Transcribe each line of the records below exactly, excluding any embedded images.

++++++++

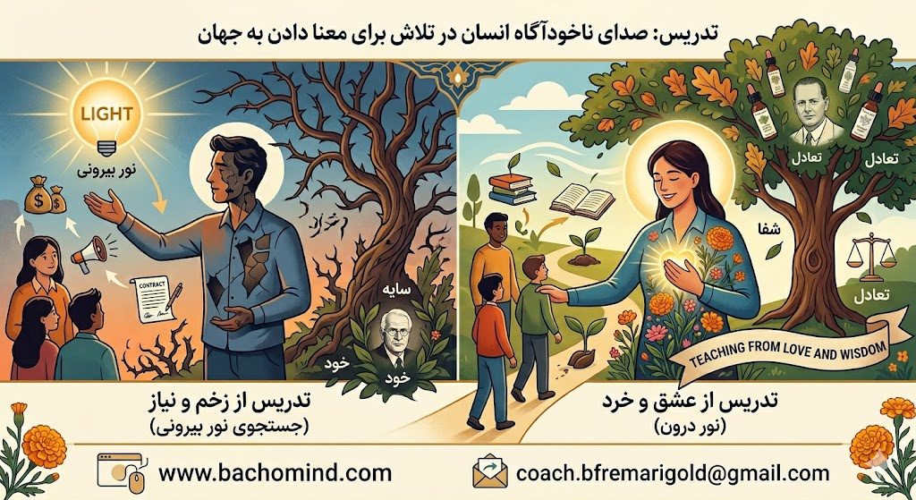 چنین مدرسی، به جای فروختنِ صرفِ یک بسته آموزشی، در حال انتقال یک تجربه زیسته است. او میداند که هدف نهایی، نه وابستگی شاگرد به معلم، بلکه بیدار کردنِ شفادهنده و آموزگارِ درونیِ خودِ شاگرد است.
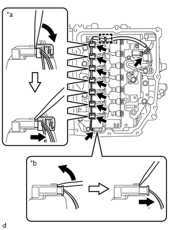 | (d) Remove the bolt and temperature sensor clamp and disconnect the temperature sensor from the transmission valve body assembly. |
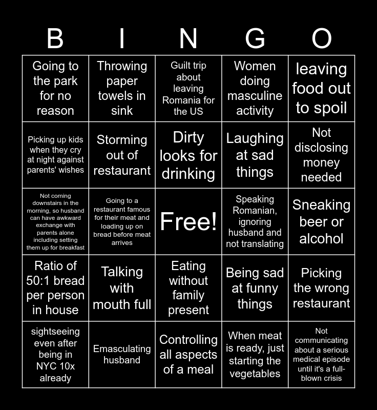 This bingo card has a free space and 24 words: Talking with mouth full, Emasculating husband, Dirty looks for drinking, sightseeing even after being in NYC 10x already, leaving food out to spoil, Going to the park for no reason, Picking up kids when they cry at night against parents' wishes, Throwing paper towels in sink, Speaking Romanian, ignoring husband and not translating, Eating without family present, Laughing at sad things, Not coming downstairs in the morning, so husband can have awkward exchange with parents alone including setting them up for breakfast, Being sad at funny things, Picking the wrong restaurant, Storming out of restaurant, When meat is ready, just starting the vegetables, Sneaking beer or alcohol, Guilt trip about leaving Romania for the US, Not disclosing money needed, Going to a restaurant famous for their meat and loading up on bread before meat arrives, Not communicating about a serious medical episode until it's a full-blown crisis, Ratio of 50:1 bread per person in house, Women doing masculine activity and Controlling all aspects of a meal.
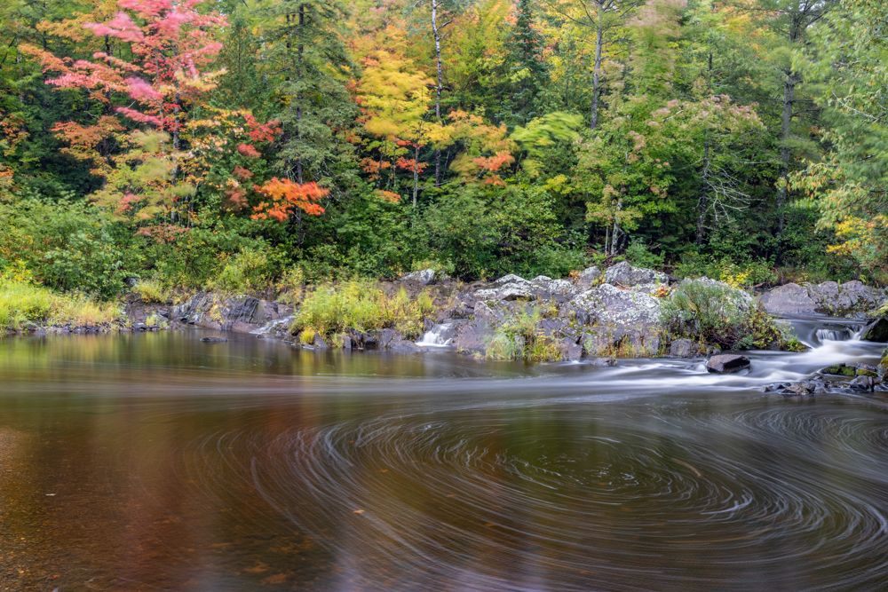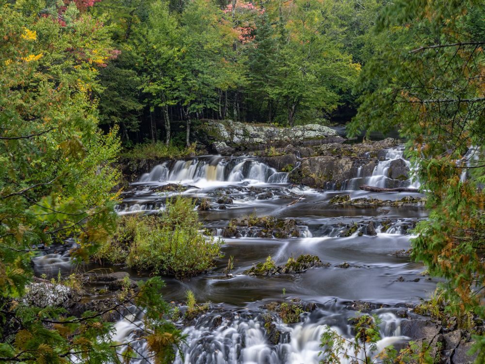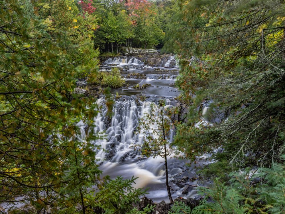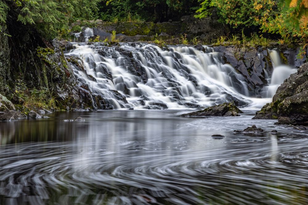 Upson Falls , located at the campground of the same name. Before walking down to the falls, I chatted with Stacy and Ryan who were camping in the area, but taking the opportunity to dry off in the campground shelter after the rain. Like the two falls I visited yesterday, Upson Falls required a bit more effort. The falls here in WI are smaller and more wild than the falls in the MI UP. The trails, if they exist at all, are frequently a scramble, and you have to work to get into position. That’s fine, it discourages the civilians. I went two pools deep into Upton Falls, then the footing, already wet and muddy, got a bit too rough for my liking. And I wanted to get to at least one other falls today.
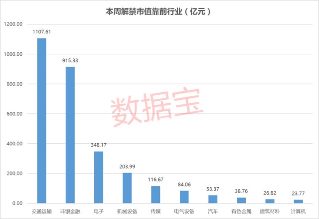 解禁股从市值来看,交通运输、非银金融行业最高,分别有1107.61亿元和915.33亿元,解禁市值较高的还有电子、机械设备、传媒行业,解禁市值都超过了百亿。
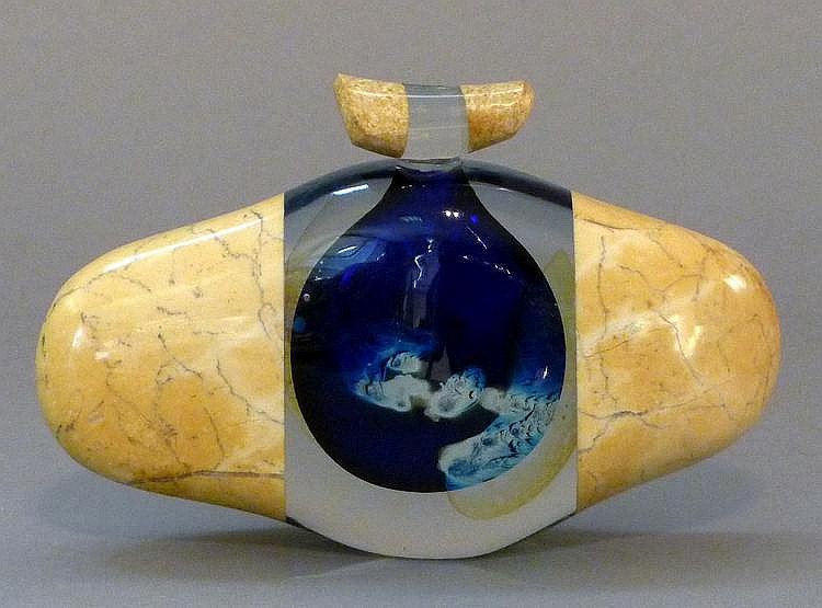 Au début des années 2000, Eric et Agnès Laurent expérimentent de nouvelles voies en associant la pierre et le verre, soufflé pour certaines pièces, ou coulé à la canne pour les plus spectaculaires pouvant atteindre 90kg ! Voici un flacon ainsi composé "Pierre et Verre" : un flacon applati en verre soufflé est prolongé de deux demi-galets de pierre assemblés à la colle U.V. . L'ensemble (y compris le bouchon) est ensuite taillé et poli :
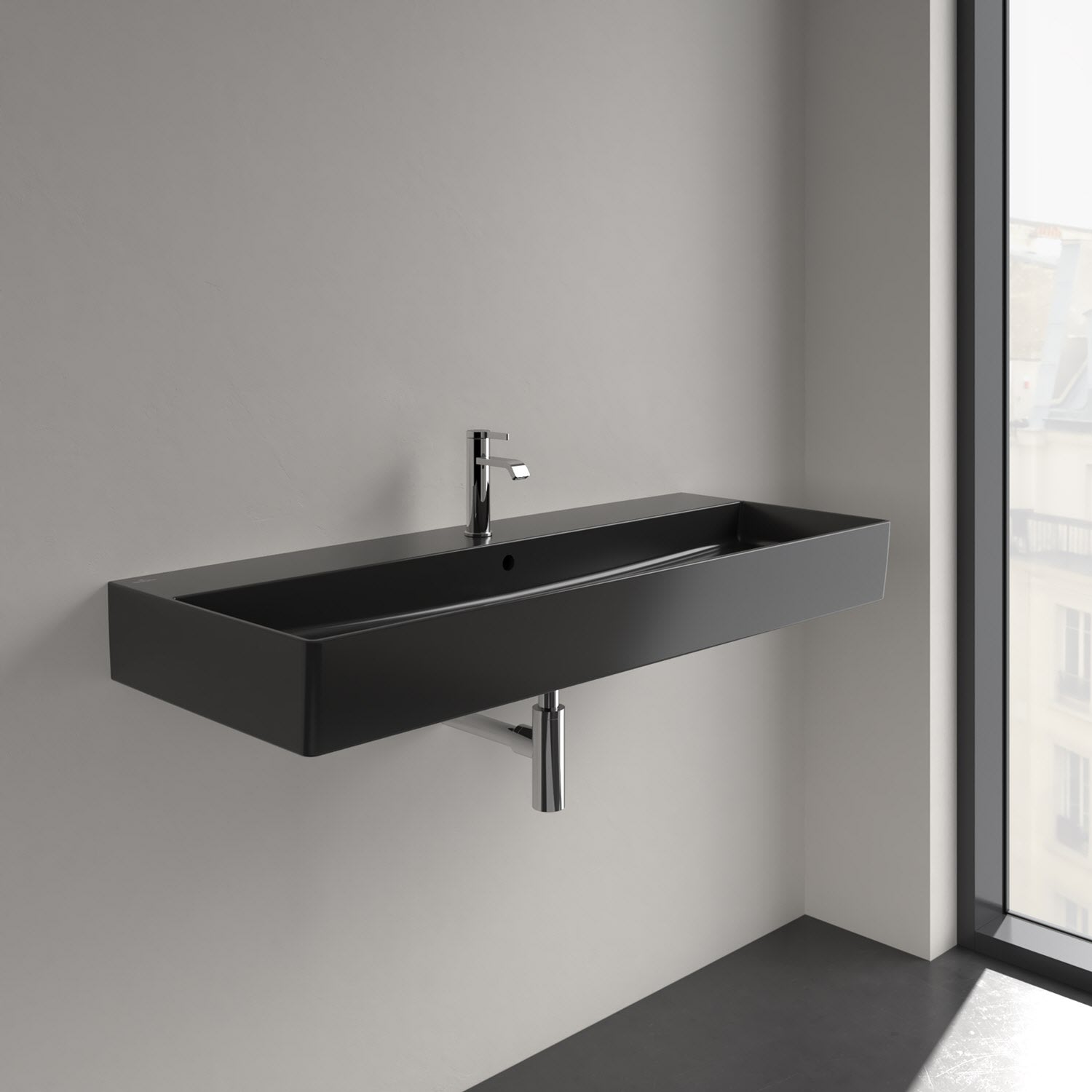 Das rechteckige Wandwaschbecken der Kollektion Memento 2.0 von Villeroy & Boch macht den Waschplatz zum wahren Blickfang im Badezimmer. Sein modernes Design erhält das Waschbecken dank des innovativen Werkstoffs TitanCeram, mit dem sehr dünne Wandstärken und präzise Konturen entstehen. Für eine komfortable Ablagefläche sorgt die breite, durchgehende Hahnlochbank. Dank spezieller Beschichtung ist die Keramikoberfläche sehr pflegeleicht und schmutzabweisend. Unverwechselbar und höchst funktional.
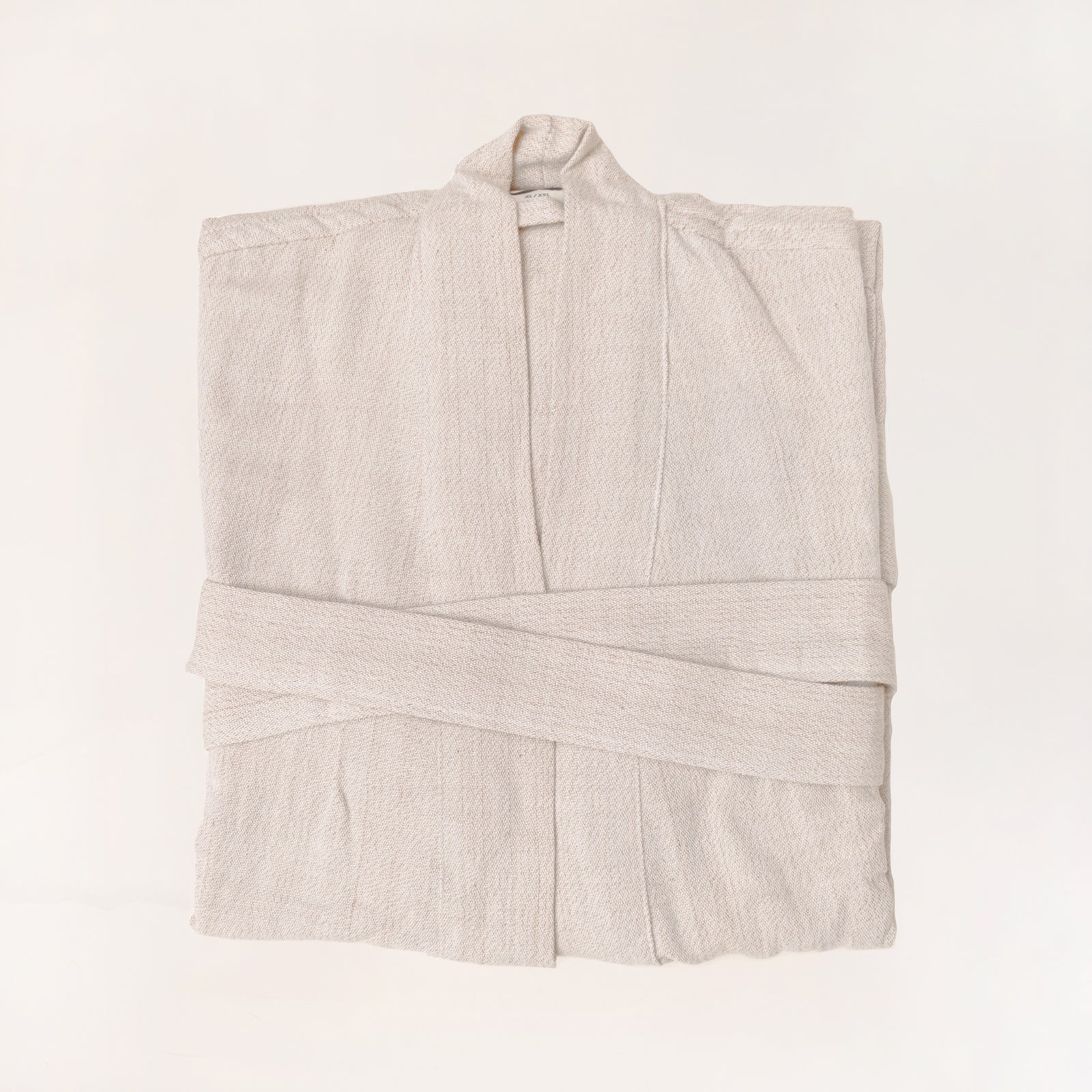 Dieser cremefarbene, naturbelassene Bademantel, handgewebt auf traditionellen Webstühlen, verkörpert die Essenz schlichter Eleganz. Die Mischung aus Leinen und Baumwolle bietet dir Komfort, der lange anhält, während du dich nach einem langen Tag oder einer heißen Dusche entspannst.

++++++++

* EXERCISE SOLUTION:
 چنین مدرسی، به جای فروختنِ صرفِ یک بسته آموزشی، در حال انتقال یک تجربه زیسته است. او میداند که هدف نهایی، نه وابستگی شاگرد به معلم، بلکه بیدار کردنِ شفادهنده و آموزگارِ درونیِ خودِ شاگرد است.
 | (d) Remove the bolt and temperature sensor clamp and disconnect the temperature sensor from the transmission valve body assembly. |
 This bingo card has a free space and 24 words: Talking with mouth full, Emasculating husband, Dirty looks for drinking, sightseeing even after being in NYC 10x already, leaving food out to spoil, Going to the park for no reason, Picking up kids when they cry at night against parents' wishes, Throwing paper towels in sink, Speaking Romanian, ignoring husband and not translating, Eating without family present, Laughing at sad things, Not coming downstairs in the morning, so husband can have awkward exchange with parents alone including setting them up for breakfast, Being sad at funny things, Picking the wrong restaurant, Storming out of restaurant, When meat is ready, just starting the vegetables, Sneaking beer or alcohol, Guilt trip about leaving Romania for the US, Not disclosing money needed, Going to a restaurant famous for their meat and loading up on bread before meat arrives, Not communicating about a serious medical episode until it's a full-blown crisis, Ratio of 50:1 bread per person in house, Women doing masculine activity and Controlling all aspects of a meal.
 Upson Falls , located at the campground of the same name. Before walking down to the falls, I chatted with Stacy and Ryan who were camping in the area, but taking the opportunity to dry off in the campground shelter after the rain. Like the two falls I visited yesterday, Upson Falls required a bit more effort. The falls here in WI are smaller and more wild than the falls in the MI UP. The trails, if they exist at all, are frequently a scramble, and you have to work to get into position. That’s fine, it discourages the civilians. I went two pools deep into Upton Falls, then the footing, already wet and muddy, got a bit too rough for my liking. And I wanted to get to at least one other falls today.
 解禁股从市值来看,交通运输、非银金融行业最高,分别有1107.61亿元和915.33亿元,解禁市值较高的还有电子、机械设备、传媒行业,解禁市值都超过了百亿。
 Au début des années 2000, Eric et Agnès Laurent expérimentent de nouvelles voies en associant la pierre et le verre, soufflé pour certaines pièces, ou coulé à la canne pour les plus spectaculaires pouvant atteindre 90kg ! Voici un flacon ainsi composé "Pierre et Verre" : un flacon applati en verre soufflé est prolongé de deux demi-galets de pierre assemblés à la colle U.V. . L'ensemble (y compris le bouchon) est ensuite taillé et poli :
 Das rechteckige Wandwaschbecken der Kollektion Memento 2.0 von Villeroy & Boch macht den Waschplatz zum wahren Blickfang im Badezimmer. Sein modernes Design erhält das Waschbecken dank des innovativen Werkstoffs TitanCeram, mit dem sehr dünne Wandstärken und präzise Konturen entstehen. Für eine komfortable Ablagefläche sorgt die breite, durchgehende Hahnlochbank. Dank spezieller Beschichtung ist die Keramikoberfläche sehr pflegeleicht und schmutzabweisend. Unverwechselbar und höchst funktional.
 Dieser cremefarbene, naturbelassene Bademantel, handgewebt auf traditionellen Webstühlen, verkörpert die Essenz schlichter Eleganz. Die Mischung aus Leinen und Baumwolle bietet dir Komfort, der lange anhält, während du dich nach einem langen Tag oder einer heißen Dusche entspannst.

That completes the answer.